(Beginning of Data supplied)

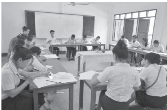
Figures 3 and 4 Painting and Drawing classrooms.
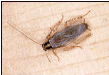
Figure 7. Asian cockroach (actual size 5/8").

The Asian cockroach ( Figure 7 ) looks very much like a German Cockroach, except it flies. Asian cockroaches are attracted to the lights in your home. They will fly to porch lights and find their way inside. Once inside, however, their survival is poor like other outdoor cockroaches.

(End of Data supplied)
(Beginning of Data supplied)

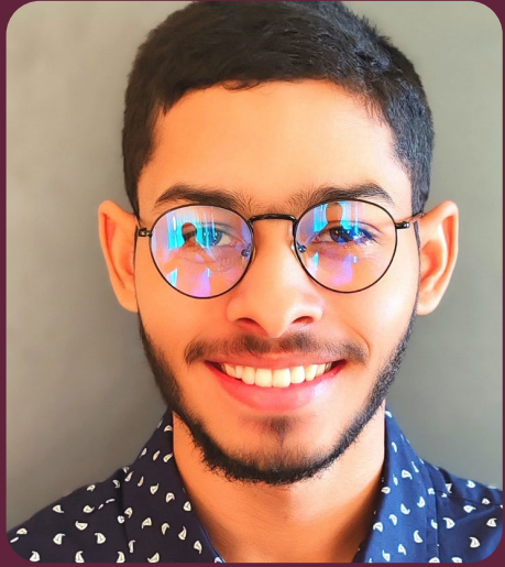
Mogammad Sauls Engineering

(End of Data supplied)
(Beginning of Data supplied)

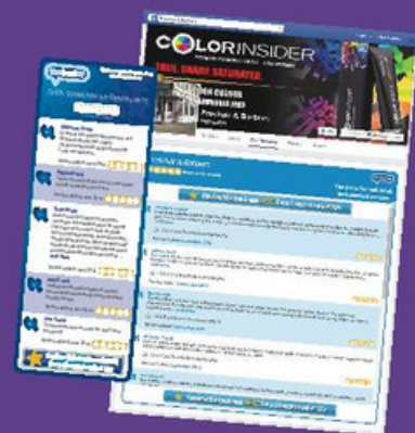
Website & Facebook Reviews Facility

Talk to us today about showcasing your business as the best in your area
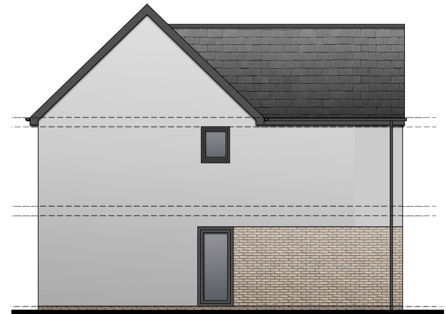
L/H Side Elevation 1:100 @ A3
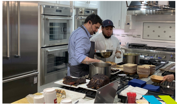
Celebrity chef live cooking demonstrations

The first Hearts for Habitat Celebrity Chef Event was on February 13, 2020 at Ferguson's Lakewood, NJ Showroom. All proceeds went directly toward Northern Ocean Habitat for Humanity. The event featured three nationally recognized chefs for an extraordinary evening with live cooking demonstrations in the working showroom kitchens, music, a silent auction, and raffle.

(End of Data supplied)

* [Task item] Using the entries above, output exactly the lines between the line holding "Celebrity chef live cooking demonstrations" and the line holding "The first Hearts", end lines included, and nothing more.

* [Task answer]
Celebrity chef live cooking demonstrations

The first Hearts for Habitat Celebrity Chef Event was on February 13, 2020 at Ferguson's Lakewood, NJ Showroom. All proceeds went directly toward Northern Ocean Habitat for Humanity. The event featured three nationally recognized chefs for an extraordinary evening with live cooking demonstrations in the working showroom kitchens, music, a silent auction, and raffle.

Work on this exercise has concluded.